Fouad Abdo, the 50 year-old founder of Le Bon Lait cooperative in Akkar (north Lebanon) is a typical SEAL grantee. Enthusiastic and committed to his region, (“something in the air here makes it impossible for me to leave,”) he founded the cooperative in 2007 and makes natural cheese and dairy products. Ten years on, and in one of the poorest areas of Lebanon (53 percent of the population in Akkar lives below the poverty line), Le Bon Lait now hires a mixed group of 13 women and men from different backgrounds.

In 2015, SEAL purchased a refrigerated truck for the cooperative, allowing them to sell to supermarkets as far as Beirut, to confectioners such as Hallab, as well as door-to-door in the local area. This truck — a $34,000 investment — has allowed the cooperative to transport and sell a 50 percent increase in produce (from 20 to 30 tons). Staff have been able to double their earnings from $800 to $1600 per month, and seven new employees were hired as a direct result, including several women who are working for the first time. As Abdo says, “It’s important for women to be productive. Women didn’t used to have any work except helping their husbands with the land, and working in the house. Since the women have started working here, their personalities have changed — they feel they’re productive, they’re important. They’re helping their husbands with the costs of the house.” Abdo’s remarks shows how SEAL’s model of grassroots economic development not only helps people attain economic stability, it also produces a more equal society.

As with all of SEAL’s factory projects, there is a second layer of impact in the form of income for the seven dairy farmers whose produce supplies for the Le Bon Lait factory.
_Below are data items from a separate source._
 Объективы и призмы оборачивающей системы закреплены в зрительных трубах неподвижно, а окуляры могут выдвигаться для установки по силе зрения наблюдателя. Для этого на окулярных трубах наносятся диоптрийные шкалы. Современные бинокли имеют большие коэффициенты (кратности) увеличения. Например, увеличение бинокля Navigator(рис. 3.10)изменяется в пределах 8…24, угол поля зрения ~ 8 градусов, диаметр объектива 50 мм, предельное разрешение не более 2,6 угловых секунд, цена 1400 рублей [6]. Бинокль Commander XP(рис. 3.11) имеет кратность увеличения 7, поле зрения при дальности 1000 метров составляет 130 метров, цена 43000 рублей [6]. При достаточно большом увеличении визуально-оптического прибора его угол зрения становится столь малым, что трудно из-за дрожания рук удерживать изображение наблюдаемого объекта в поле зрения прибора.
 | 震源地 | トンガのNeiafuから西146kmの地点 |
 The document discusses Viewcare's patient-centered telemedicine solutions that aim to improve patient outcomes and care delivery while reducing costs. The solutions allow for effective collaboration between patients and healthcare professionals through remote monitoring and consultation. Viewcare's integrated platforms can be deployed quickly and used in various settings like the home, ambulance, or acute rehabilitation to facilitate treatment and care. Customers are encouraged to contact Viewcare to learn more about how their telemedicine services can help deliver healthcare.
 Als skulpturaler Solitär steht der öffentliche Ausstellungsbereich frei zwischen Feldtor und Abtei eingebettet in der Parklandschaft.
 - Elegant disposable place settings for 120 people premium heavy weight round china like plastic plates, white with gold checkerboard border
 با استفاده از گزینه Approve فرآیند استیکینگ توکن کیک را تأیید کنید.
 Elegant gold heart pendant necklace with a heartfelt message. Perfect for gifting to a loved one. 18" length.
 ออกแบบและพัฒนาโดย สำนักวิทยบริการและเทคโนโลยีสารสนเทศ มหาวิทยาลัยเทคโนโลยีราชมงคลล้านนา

SEAL’s work stems from the belief that it takes only a nudge to move a group of women from net food consumers to net producers, and help them make money to send their children to school. Joumana al-Taki from Wadi el-Taym (Bekaa) is a case in point. At age 29, she decided to enter the workforce for the first time by training to grind zaatar bought from local farmers and setting up a cooperative to ensure that the benefits of the production spread throughout the community. Thirteen years on, 24 women across religious spectrum produce two tons per month of their special zaatar, walnut, and almond mix. SEAL purchased $23,000 worth of industrial equipment including mixers and roasters for the cooperative, and the impact of this investment has been revolutionary. Production has increased by a factor of 10 (from 200 kilograms before their grant), the cooperative regularly sells all of its natural produce at premium prices, and they are planning to start exporting in 2018. The incomes of the 24 women doubled purely as a result of SEAL’s funding, allowing them to contribute to the family purse, build their independence, and support local farmers.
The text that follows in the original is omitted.